_PROBLEM DETAILS:_ Each line between the one holding "フォルダ管理一覧画面の[選択範囲]欄より移動したいフォルダを選択してください。" and the end of the material below, both included, is to be transcribed word for word, with pictures left out.

_ENTRIES SUPPLIED:_
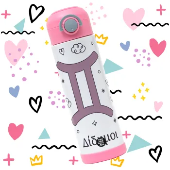 Ζώδια Δίδυμοι, Παιδικό παγούρι θερμό, ανοξείδωτο, με καλαμάκι ασφαλείας, ΡΟΖ (500ml)
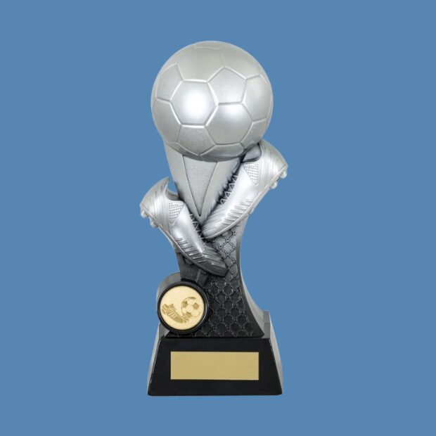 The design features a bold football sitting above a pair of boots, giving the trophy clear sporting character and purpose. Available in three sizes, the Nova Evolution Black and Silver Trophy offers flexibility while keeping the same strong, eye-catching look across the range.
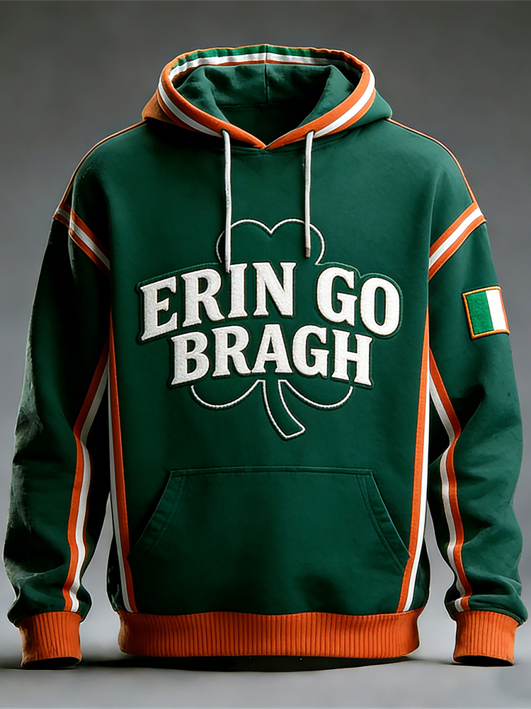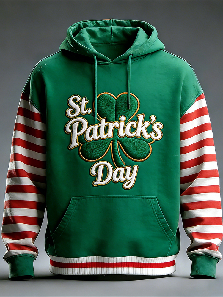 Pluslx Erin Go Bragh Clover Stripe Patchwork Men's Hooded Sweatshirt
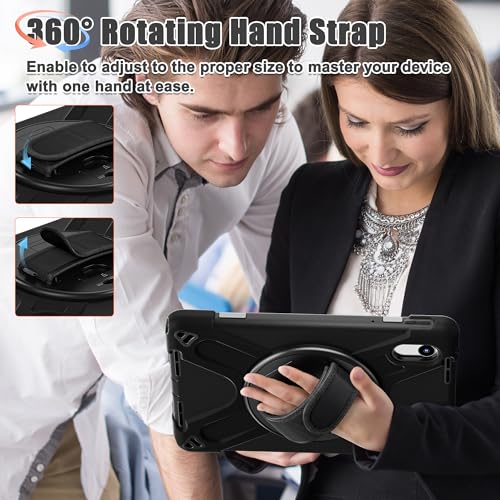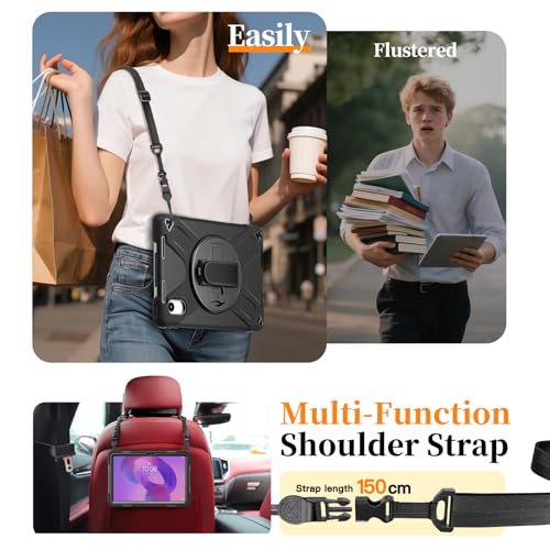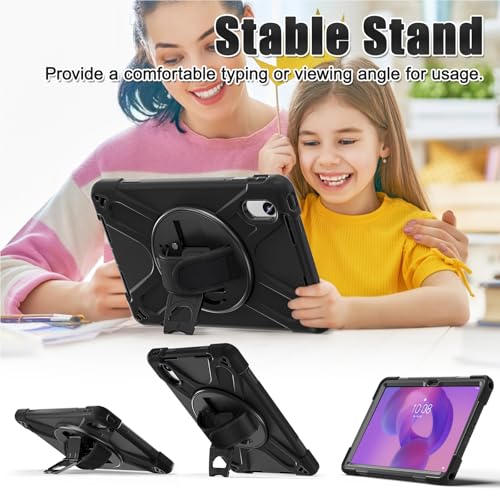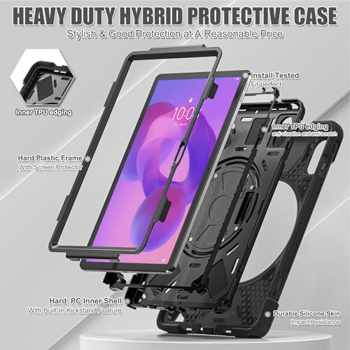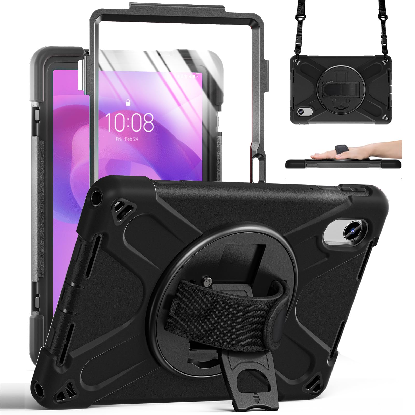 ZenRich Case for Lenovo Idea Tab 11 inch 2025 (TB-336ZU TB-336FU), Shockproof Rugged Protective Case With Screen Protector, 360 Rotating Stand, Hand Strap Pen Holder, Shoulder Strap, Black
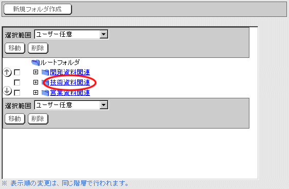 フォルダ管理一覧画面の[選択範囲]欄より移動したいフォルダを選択してください。
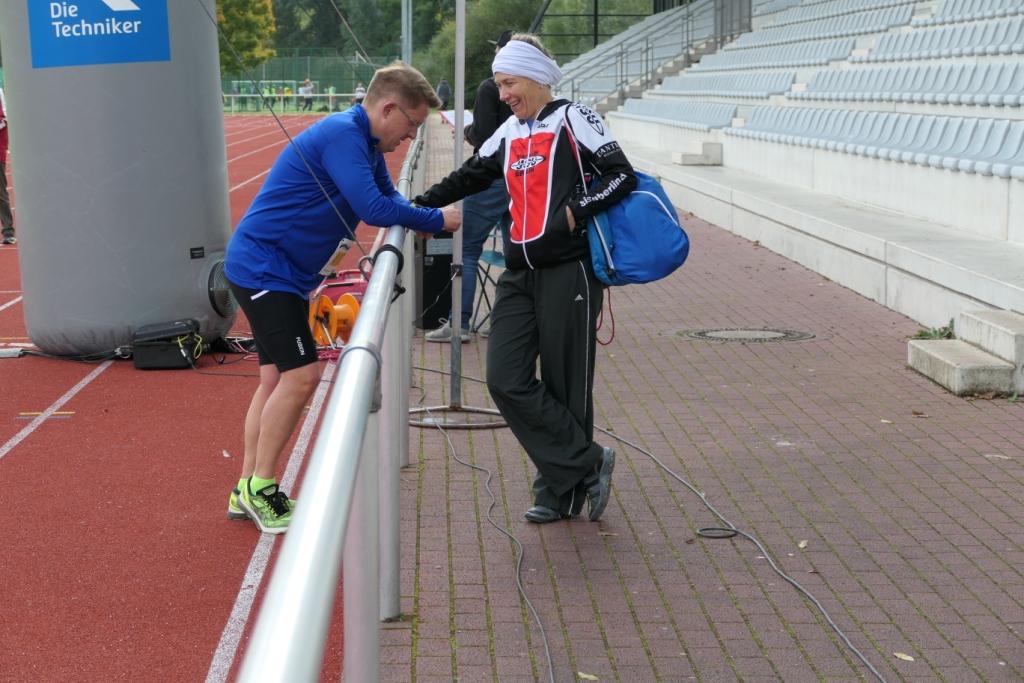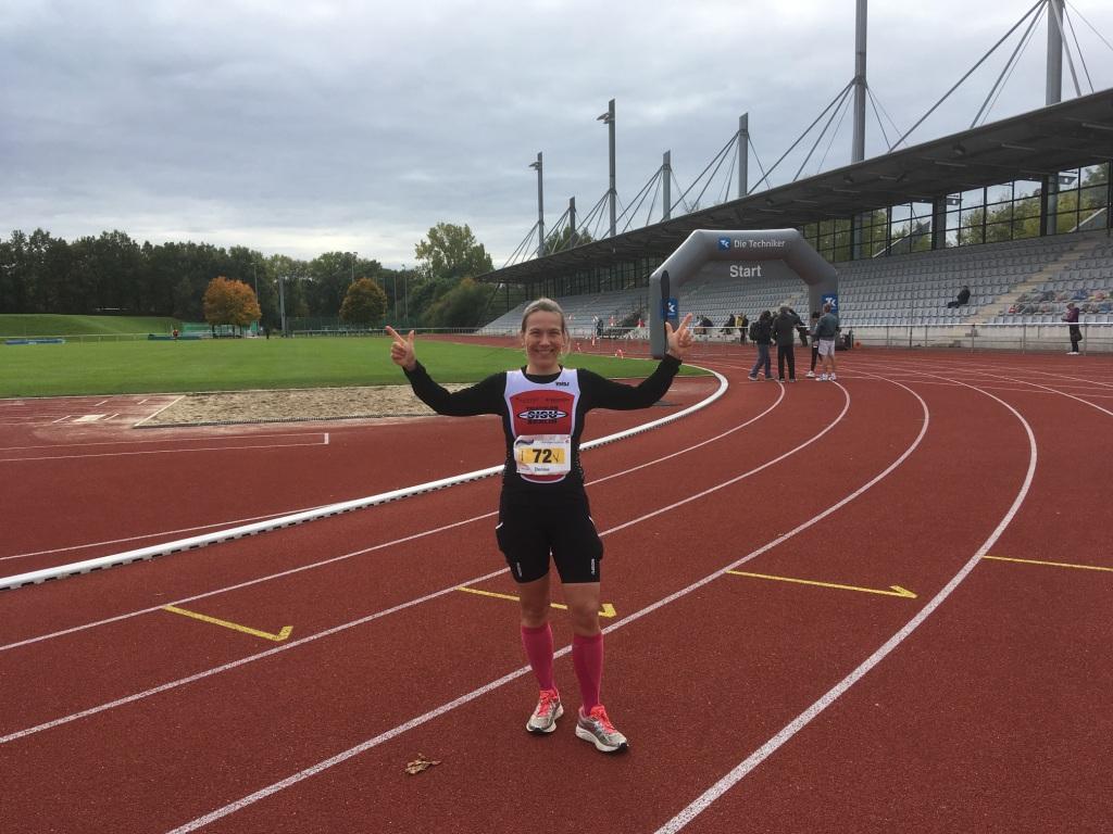 Trotz meines langsamen Schrittes werde ich nur noch zwei Mal überholt und bin sonst ziemlich allein auf den letzten Kilometern. Beim Erreichen der Stadt treffe ich auf die letzten Läufer des zweiten Halbmarathons. Einer läuft in kompletter Feuerwehrausrüstung und ich fühle mich für ein paar Sekunden ganz leicht. Es geht noch um ein paar Gebäude rum, dann erblicke ich den Zielbogen und genieße fast die letzten Meter auf der Stadionbahn. Der Zieleinlauf ist Corona bedingt etwas traurig: kein Stadionsprecher, keine Begrüßung. Auf der Strecke wurde man an jeder Versorgungsstation namentlich erwähnt, hier weiß ich noch nicht mal ob es zum dritten Platz gereicht hat. Siegerehrung gibt es auch nicht. Was für ein trauriger Tag!

_TASK RESULT:_
 フォルダ管理一覧画面の[選択範囲]欄より移動したいフォルダを選択してください。
 Trotz meines langsamen Schrittes werde ich nur noch zwei Mal überholt und bin sonst ziemlich allein auf den letzten Kilometern. Beim Erreichen der Stadt treffe ich auf die letzten Läufer des zweiten Halbmarathons. Einer läuft in kompletter Feuerwehrausrüstung und ich fühle mich für ein paar Sekunden ganz leicht. Es geht noch um ein paar Gebäude rum, dann erblicke ich den Zielbogen und genieße fast die letzten Meter auf der Stadionbahn. Der Zieleinlauf ist Corona bedingt etwas traurig: kein Stadionsprecher, keine Begrüßung. Auf der Strecke wurde man an jeder Versorgungsstation namentlich erwähnt, hier weiß ich noch nicht mal ob es zum dritten Platz gereicht hat. Siegerehrung gibt es auch nicht. Was für ein trauriger Tag!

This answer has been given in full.